Con esa hambre andaba Beto aquella noche que le escribieron RATA con un cuchillo. Traía en la mano la sardina y la gorra que le regalaron, cuando exigió algo más que sólo droga, pues tenía hambre. Agarra esa lata y ten la gorra, le dijeron, no estés llorando. Se la puso: “Abarrotes El Ciego”, mientras veía a su rededor la mercancía robada que descargó del tráiler. Comida, detergentes y aparatos electrónicos. Sentía un poco de consolación por llevar al menos las bolsas de cristal, como pago, pero cuando vio cajas de celulares y computadoras, esa resignación se convirtió en el odio infame que nada más los hombres vertiginosos conocen.
Poco después la realidad se dispersó. Los de su especie fumaban en el patio y los jefes empistolados platicaban en una de las oficinas. Era un momento inusual porque en la bodega siempre solía haber alguien con cuerno de chivo viendo todos los movimientos. Tras lo insólito de la situación, combinado con la ofensa, lanzó el último vistazo y hurtó dos cajas: laptop y celular. Abrió quedo la puerta. Nadie lo vio salir. Pudo darse el lujo de volverla a cerrar antes de huir disparado.

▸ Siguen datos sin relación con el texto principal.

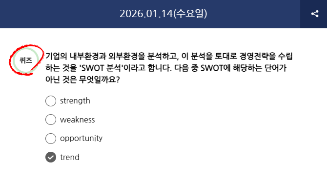 Q) 기업의 내부환경과 외부환경을 분석하고, 이 분석을 토대로 경영전략을 수립하는 것을 'SWOT 분석'이라고 합니다. 다음 중 SWOT에 해당하는 단어가 아닌 것은 무엇일까요?

Tomó el único camino que había para llegar al resto de la ciudad. Se trataba de una carretera desierta de dos kilómetros, con matorrales a los lados, tierra suelta y piedras enterradas. Iba huyendo despavorido, a galope, respirando los tufos del monte, con los guaraches grises de polvo, abrazado con vehemencia a las cajas de los aparatos. Pensó que la estaba librando, sin embargo, una luz engrandeciéndose apareció detrás suyo. Le cortó la inspiración. Era una de las camionetas de El Ciego. Bajaron cuatro tipos, naturalmente armados.
—Como cuando prendes la luz en el baño y la cucaracha se esconde.
El monte contiguo era su única salida. Parecía infranqueable. Entró raspándose con las espinas, resquebrajando algunas ramas secas, llenas de telarañas. Oscuridad de luna dibujaba el lugar y el grillar nocturno sonorizaba la persecución. Los tipos lo alcanzaron más rápido y fácil de lo que pensaba, pues traían lámparas, zapatos, pantalones y una orden ineludible. Dos culatazos lo domaron.
—Vimos que dejaste la sardina donde faltaba una computadora.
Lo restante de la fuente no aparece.